Goal of the exercise
Starting with the line that has "White Slip On" in the records below and ending with the line that has "On Sunday after", output those lines exactly and nothing more; omit the pictures.

Dataset excerpts
--*--
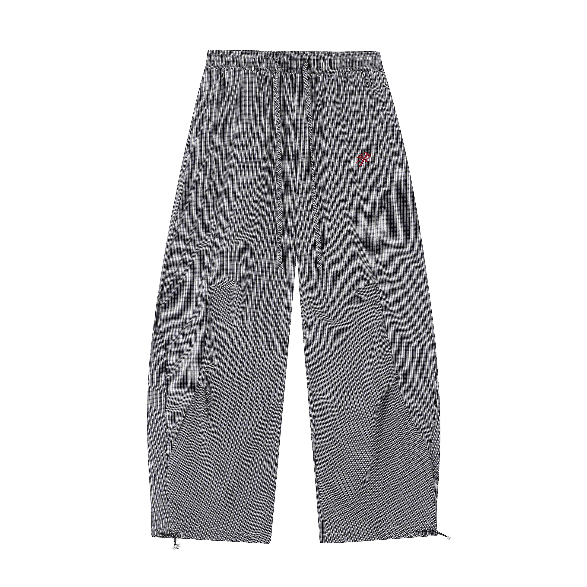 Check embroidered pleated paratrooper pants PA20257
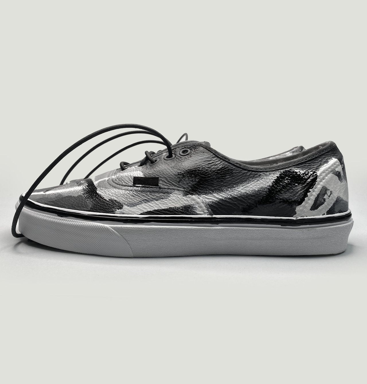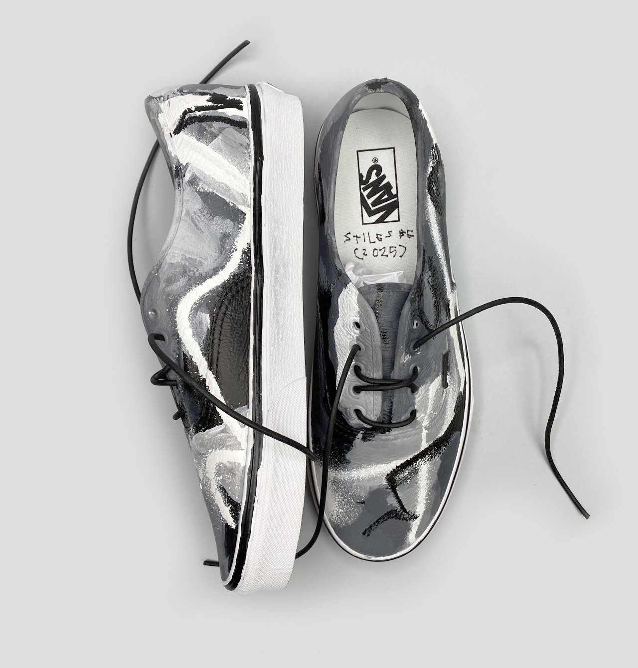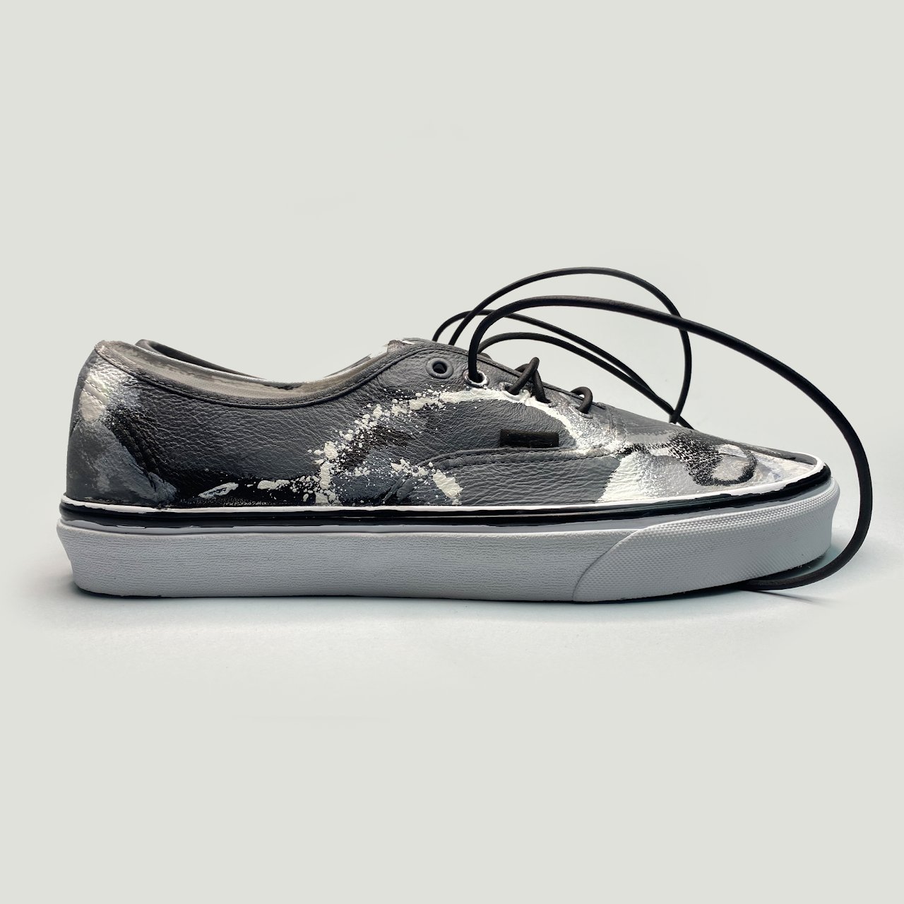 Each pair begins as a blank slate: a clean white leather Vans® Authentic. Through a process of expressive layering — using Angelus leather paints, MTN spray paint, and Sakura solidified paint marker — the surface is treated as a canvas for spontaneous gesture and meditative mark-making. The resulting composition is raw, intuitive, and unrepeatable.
--*--
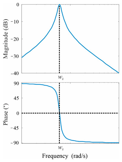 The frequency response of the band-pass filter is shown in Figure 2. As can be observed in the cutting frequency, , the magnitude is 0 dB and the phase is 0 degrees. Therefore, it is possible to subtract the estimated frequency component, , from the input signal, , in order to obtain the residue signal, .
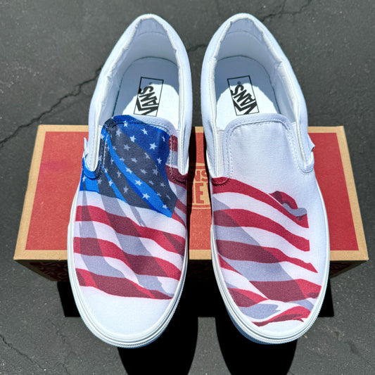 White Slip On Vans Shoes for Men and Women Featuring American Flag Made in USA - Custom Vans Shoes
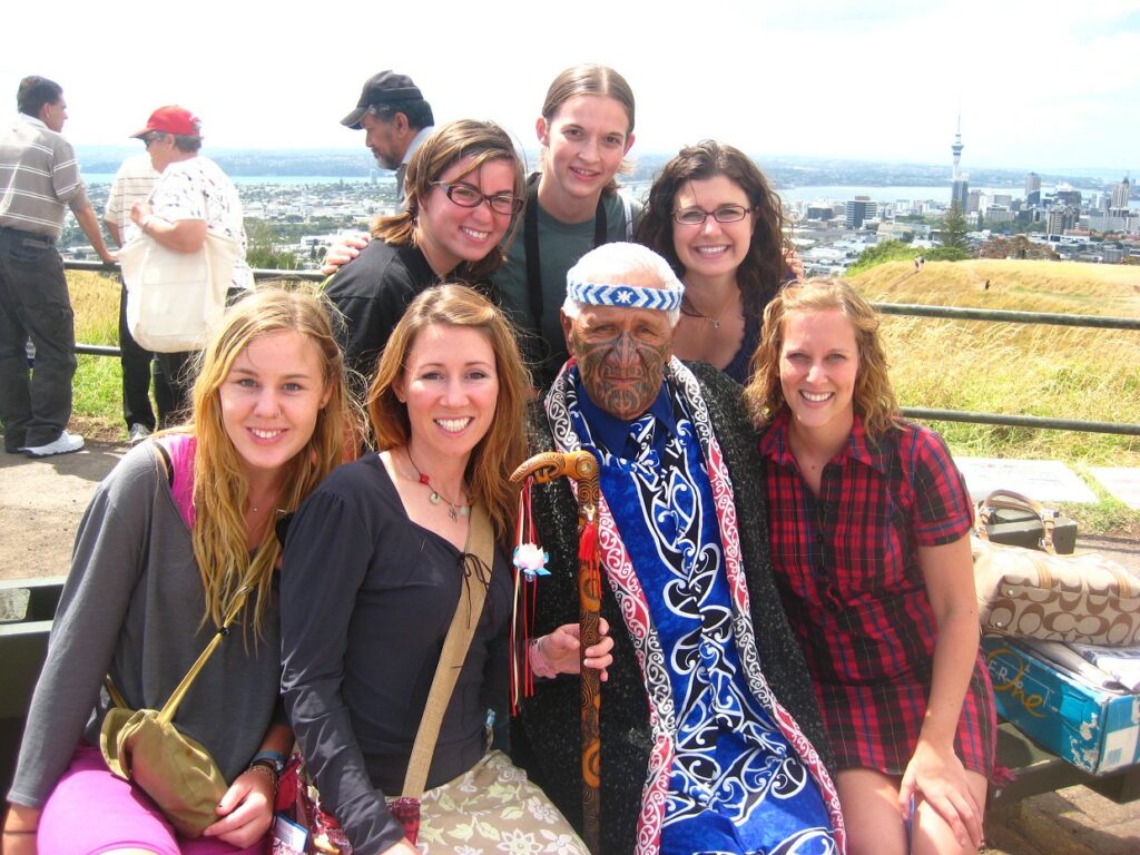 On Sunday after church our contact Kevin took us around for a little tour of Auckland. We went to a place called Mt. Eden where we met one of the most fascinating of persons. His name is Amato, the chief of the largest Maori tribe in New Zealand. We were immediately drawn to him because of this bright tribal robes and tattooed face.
--*--
Task solution
 White Slip On Vans Shoes for Men and Women Featuring American Flag Made in USA - Custom Vans Shoes
 On Sunday after church our contact Kevin took us around for a little tour of Auckland. We went to a place called Mt. Eden where we met one of the most fascinating of persons. His name is Amato, the chief of the largest Maori tribe in New Zealand. We were immediately drawn to him because of this bright tribal robes and tattooed face.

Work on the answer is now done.